Zu den Hauptfavoriten zählen Evenepoel, Isaac del Toro und Paul Seixas. Alle drei haben bewiesen, dass sie auf Anstiegen vom Profil des Mount Royal – 1,6 km bei 7,7 % – im Serienbetrieb den Unterschied machen. Der Kurs in Montréal bietet neben dem Hauptanstieg mehrere kurze Wellen. Nach 100 flachen Kilometern geht es zwölfmal über den Rundkurs.
Folglich wird Ausdauer entscheidend sein, und die wiederholten Anstiege dürften mehr selektionieren als ein einzelner Vorstoß am Mount Royal. Quinn Simmons, Brandon McNulty und Matteo Jorgenson führen die USA an.
Jorgenson liegt nach Platz 19 beim GP de Montréal leicht zurück, während McNulty und Simmons Dritter und Vierter wurden.
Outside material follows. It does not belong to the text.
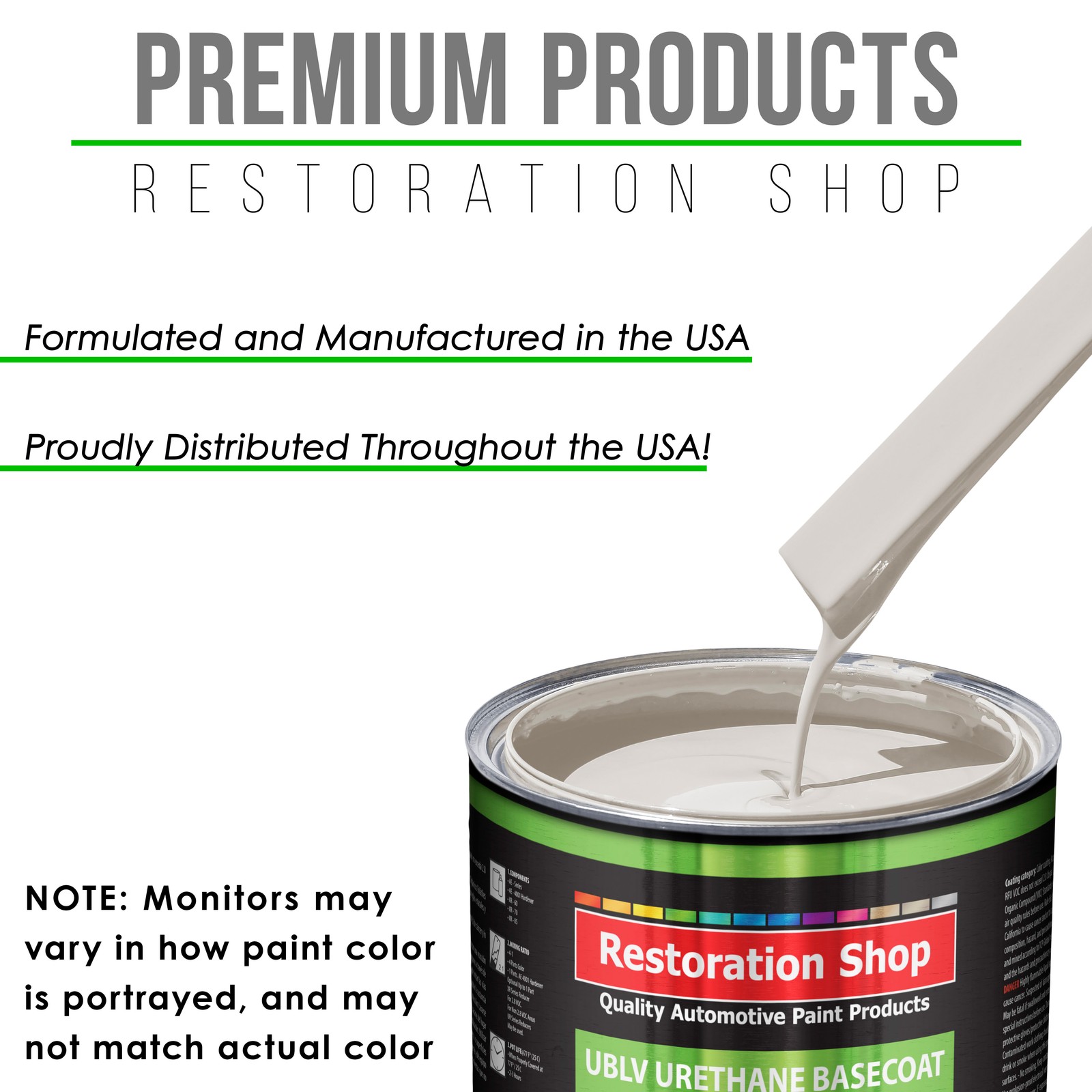 TCP Global Ebay Storefront Ordering | Shipping | Returns | International Product Information FLAMMABLE/HAZARDOUS ITEMS ARE SHIPPED VIA UPS GROUND/STANDARD TO THE LOWER 48 U.S. STATES & CANADA. ***SHIPPING VIA U.S. POSTAL SERVICE OR TO A P.O. BOX IS NOT AVAILABLE.*** RUSH AIR SHIPPING IS AVAILABLE IN CONTINENTAL U.S. FOR AN ADDITIONAL HAZMAT AIR SHIPPING CHARGE. CONTACT US PRIOR TO ORDERING FOR AIR SHIPPING QUOTE. IF ORDER IS PLACE FOR AIR SHIPPING YOU WILL BE CONTACTED FOR ADDITIONAL SHIPPING PAYMENT. INTERNATIONAL SHIPPING IS AVAILABLE. CONTACT US FOR SHIPPING QUOTE PRIOR TO ORDERING. Part# RSP UBLV1117-KIT-Q Oxford White - LOW VOC Urethane Basecoat with Clearcoat Auto Paint - Complete Medium Quart Paint Kit - Professional High Gloss Automotive Coating Complete 1 Quart Restoration Shop - Low 3.5 VOC Urethane Basecoat with Clearcoat Auto Paint Kit with Medium Drying Reducer (Used when the ambient temperature range is 70-85Á F). The kit provides 1-1/2 Quarts of sprayable basecoat color material and 1-1/4 Quarts of Premium Clearcoat. UBLV Paint Kit includes 1 Quart of UBLV Low VOC Urethane Basecoat Paint Color, 1 Quart of XR70 Exempt Medium Urethane Reducer, 1 Quart of RC4221 High-Gloss Urethane Clear, 1 Half-Pint of RH4201 Urethane Hardener and a 3 Pack of 190 Micron Nylon Automotive Strainers. The Restoration Shop (UBLV) Low VOC Urethane Basecoat and Premium Clearcoat System is a State-of-the-Art High-Performance Professional Easy-To-Use Paint Coating System that is Designed to Reproduce the Hi-Tech O.E.M. Automotive Finishes Found on Today's Vehicles. UBLV is an easy to spray fast-drying basecoat/clearcoat system that provides a long-lasting and very high gloss topcoat finish result. UBLV is an extremely durable, chemical and solvent resistant coating that also resists chipping, cracking, and UV ray fading. Restoration Shop's (UBLV) is a Low 3.5 VOC compliant basecoat/clearcoat paint system that may be used in National Rule or Low 3.5 VOC limit States when using it with the proper XR series reducers. Note: Monitors vary - onscreen colors are for general color reference only. Restoration Shop (UBLV) LOW VOC URETHANE BASECOAT with CLEARCOAT - COMPLETE MEDIUM QUART PAINT KIT Includes: 1 - Quart of Restoration Shop Low 3.5 VOC Premium Urethane Basecoat Auto Paint Color 1 - Quart of Medium (70-85¡ F) Exempt Urethane Reducer (RSP XR70-QT) 1 - Quart of High-Gloss Urethane Clear (RSP RC4221-QT) 1 - Half-Pint of Urethane Hardener (RSP RH4201-HP) 3 - Each Premium 190 Micron Nylon Automotive Strainers UBLV Paint Color has a 2 to 1 Mixing Ratio, 2 parts UBLV Paint Color to 1 part XR Urethane Reducer. UBVL Basecoat color requires a 2 to 1 mix ratio with the included medium drying (70-85¡ F) XR exempt urethane reducer before spraying. Restoration Shop High-Gloss Urethane Clear (RSP RC4221) has a 4 to 1 Mix Ratio, 4 parts Urethane Clearcoat to 1 part Urethane Hardener A 2.1 VOC conventional solid polyurethane clearcoat. A two-component (2K) polyurethane clearcoat formulated to offer ease of application, great flow and leveling, excellent durability and high-gloss. This high quality clearcoat is the prefered high production topcoat that professional's use in today's high-end auto body shops. This clearcoat is used for overall application, and is also used for spots and panels. The clearcoat is VOC compliant for all multi-stage topcoat systems, and can also be applied on top of other basecoat brands. Optional Reducers Available Separately XR Series Exempt Reducers to Maintain a 3.5 VOC Level: XR60 Exempt Fast Reducer 60-70¡ F; XR70 Exempt Medium Reducer 70-85¡ F; XR85 Exempt Slow Reducer 85¡ F and above Since 1974, Restoration Shop has been a Trusted Top Quality Brand and The Source for Innovative Premium Quality Automotive Products! Restoration Shop Low VOC UB Urethane Basecoat is a state-of-the-art basecoat designed to reproduce the hi-tech O.E.M. finishes found on today's vehicles. It features outstanding coverage, rapid dry time, excellent metallic control and optimum repairability. UBLV provides an environmentally friendly solvent solution. View all categories Warehouse Locations San Diego, California South Carolina

In Bestform fährt der Visma-Profi aber auf Augenhöhe mit seinen Landsleuten, und eine WM folgt eigenen Gesetzen.

Angreifen ist Pflicht

Im direkten Duell werden die drei US-Leader Fahrer wie Seixas und del Toro kaum distanzieren – ebenso wenig wie Tom Pidcock, Ben Healy oder Evenepoel. Auf einen Sprint zu setzen, ist weder sicher noch stark. Del Toro, Evenepoel und Pidcock sind auf einer ansteigenden Zielgeraden ausgewiesene Finisher; Paul Seixas ist ebenfalls schnell. Weder McNulty noch Simmons gelten hier als erste Wahl.
Im Gegenteil, im offenen Schlagabtausch drohen sie gegen diese Namen zu verlieren. Antizipation ist gefragt, idealerweise abseits des Hauptanstiegs, denn dort lassen sich Attacken für die Favoriten leichter kontrollieren. Die USA dürften eine Gruppe mit Shmidt oder Warbasse suchen, frühe Moves mit Quinn, Sheehan und Vermaerke besetzen, während die drei Kapitäne in den letzten zwei Rennstunden – ab etwa 80 Kilometern vor dem Ziel – nach vorn rücken.
Simmons und McNulty sind die Schlüsselakteure, gemessen an ihrer Kanada-Form, ihrer Stärke nicht nur am Berg, sondern auch auf Flachstücken und in Abfahrten. Zudem stehen ihre Namen nicht so im Fokus wie Evenepoel, Wout Van Aert oder Mathieu van der Poel. Das eröffnet ihnen Chancen, die Konkurrenz zu überraschen.
Losgelöst von UAE-Teamaufgaben hat McNulty eine seltene Gelegenheit auf das Regenbogentrikot – auf einem Kurs, den er 2025 gewonnen hat. Er könnte zudem auf Allianzen mit Teamkollegen aus dem UAE-Handelsteam hoffen. Simmons wiederum glänzt in harten Rennen, in denen Ausdauer und wiederholte Antritte zählen.
Der US-Meister wurde im Vorjahr Vierter bei Il Lombardia, nach einem Tag in der Flucht – perfekte Antizipation auf einem Parcours für reine Kletterer. Beide haben 2025 und 2026 gezeigt, dass der Kurs in Montréal ihnen liegt. Sie zählen zu den gefährlichsten Außenseitern für den Sieg bei dieser Weltmeisterschaft.